Charles Hunt Porter (1843–1911) was an American businessman and politician who served as the first mayor of Quincy, Massachusetts.

==Early life==
Porter was born on April 3, 1843, in Weymouth, Massachusetts. When he was six weeks old his family moved to Quincy, Massachusetts, where he resided for the remainder of his life. He attended grammar and high school in Quincy and engaged in the insurance business until July 1, 1862, when he enlisted in the Union Army. Porter served in the 39th Massachusetts Regiment for three years during the American Civil War. He mustered out as a captain, but was later given an honorary commission as a lieutenant colonel.

==Business career==
Upon his return from the war, Porter returned to the insurance business with W. Porter & Co. He later became a partner of the firm. He also served as a director of the Quincy Mutual Fire Insurance Co., a trustee of the Quincy Savings Bank, and director/president of the Quincy Water Co.

Porter was the president of the Boston Red Stockings of the National League from through . During his tenure as president, the club made a tour of England.
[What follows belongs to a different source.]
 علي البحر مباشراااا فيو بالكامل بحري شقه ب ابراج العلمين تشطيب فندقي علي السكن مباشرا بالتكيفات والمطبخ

In 1900, Porter was part of a group that attempted to secure a Boston franchise in the new American League. Porter negotiated a deal for the club to play in Charles River Park in Cambridge, Massachusetts, and had selected a person to manage the affairs of the team, but his group backed out after the league's backers met with a rival group. Boston would join the American League in 1901 when Cleveland businessman Charles Somers formed what would become the Boston Red Sox.
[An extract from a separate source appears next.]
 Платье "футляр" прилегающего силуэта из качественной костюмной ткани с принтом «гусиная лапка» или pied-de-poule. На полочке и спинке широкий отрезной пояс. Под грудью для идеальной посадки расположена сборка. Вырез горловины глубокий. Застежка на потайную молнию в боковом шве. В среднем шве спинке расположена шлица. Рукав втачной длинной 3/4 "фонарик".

Porter was a member of the Adams Academy's board of management from the school's organization in 1871 until 1888.

==Political career==
Porter was a member of the Quincy board of selectmen from 1879 to 1880. From 1881 to 1882 he represented Quincy and Weymouth in the Massachusetts House of Representatives. In 1888, Porter was elected Mayor of Quincy in the city's first mayoral election. Porter also served on Quincy's school committee for seven years and was a member of the inaugural Quincy's park commission.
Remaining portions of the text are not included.